Sex testing by the International Amateur Athletic Federation (IAAF) in 1966 and 1967
There are some reports that female athletes at IOC (International Olympic Committee) events in the 1960s were required to do a "nude parade" in front of medical experts to try to verify if their biology was feminine enough.
"[A]n earlier Olympic era, when every female athlete was required to submit to a sex-verification test. ... At first, women were asked to parade nude before a panel of doctors to verify their sex. At the 1968 Olympics in Mexico City, officials switched to a chromosomal test."

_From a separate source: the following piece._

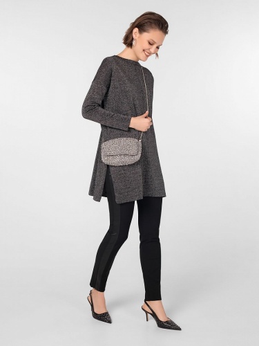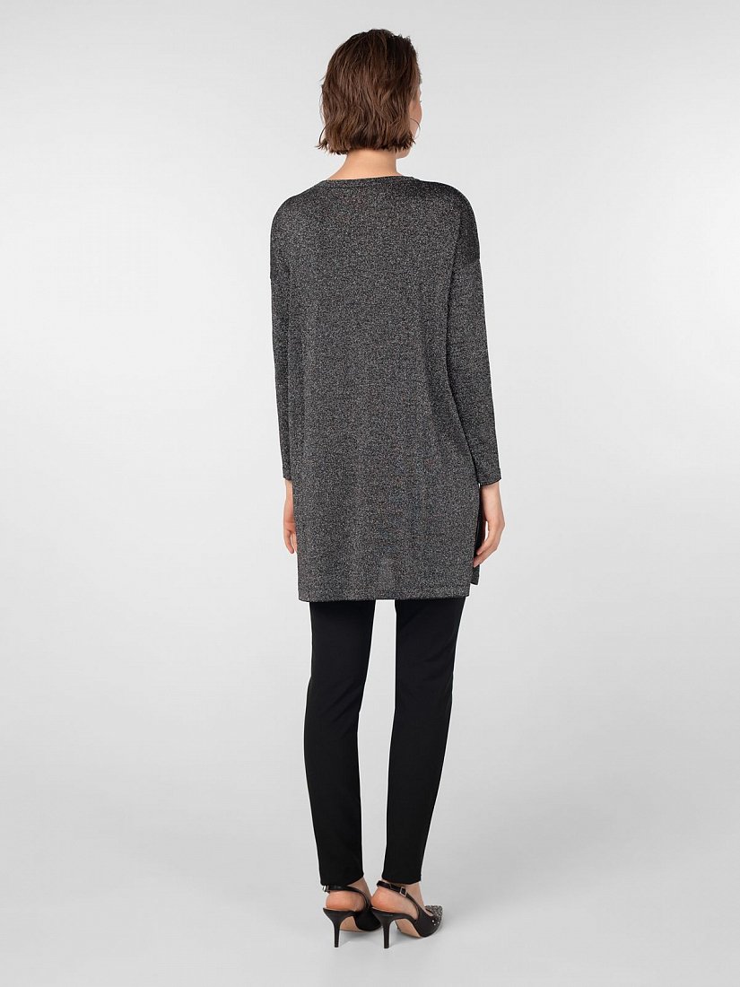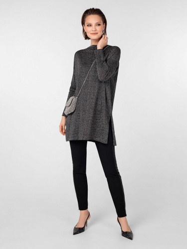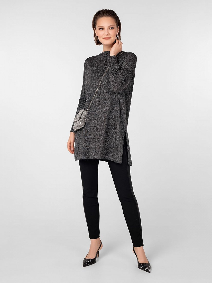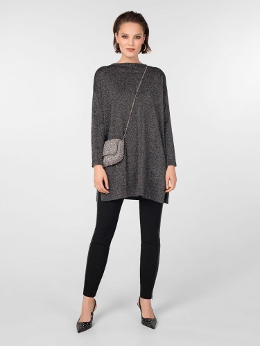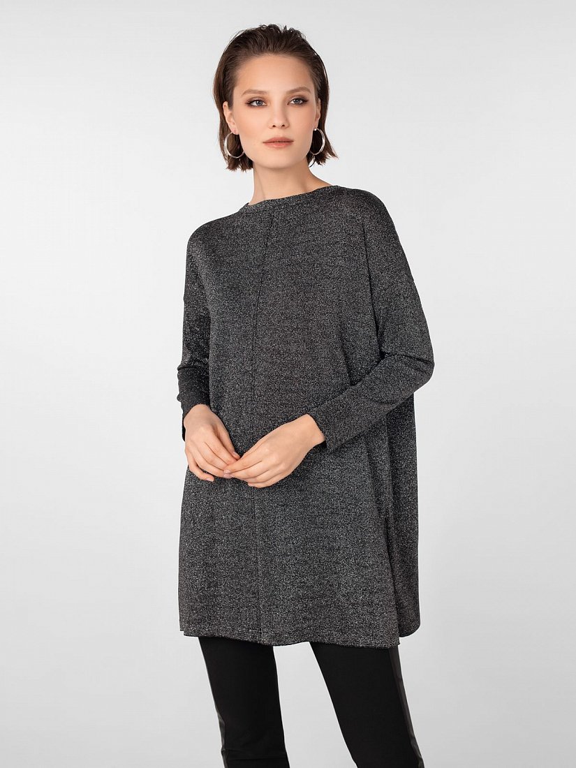 Джемпер из трикотажа прямого удлиненного силуэта с горловиной лодочка, спущенным плечом и рукавом полной длины. По низу по бокам разрезы.

"[I]n 1966 international sports officials decided they couldn’t trust individual nations to certify femininity, and instead implemented a mandatory genital check of every woman competing at international games. In some cases, this involved what came to be called the 'nude parade,' as each woman appeared, underpants down, before a panel of doctors; in others, it involved women’s lying on their backs and pulling their knees to their chest for closer inspection."
"In 1966, the International Amateur Athletics Federation (IAAF) required athletes to undergo a physical inspection by three female gynecologists at the European Championships in Track and Field [Budapest, Hungary]... In the same year, a pelvic examination was required for athletes entered in the Commonwealth Games in [Kingston] Jamaica. At the European Cup Track and Field events in 1967, the IAAF added chromosome testing to the visual inspection (2003, p. 87)."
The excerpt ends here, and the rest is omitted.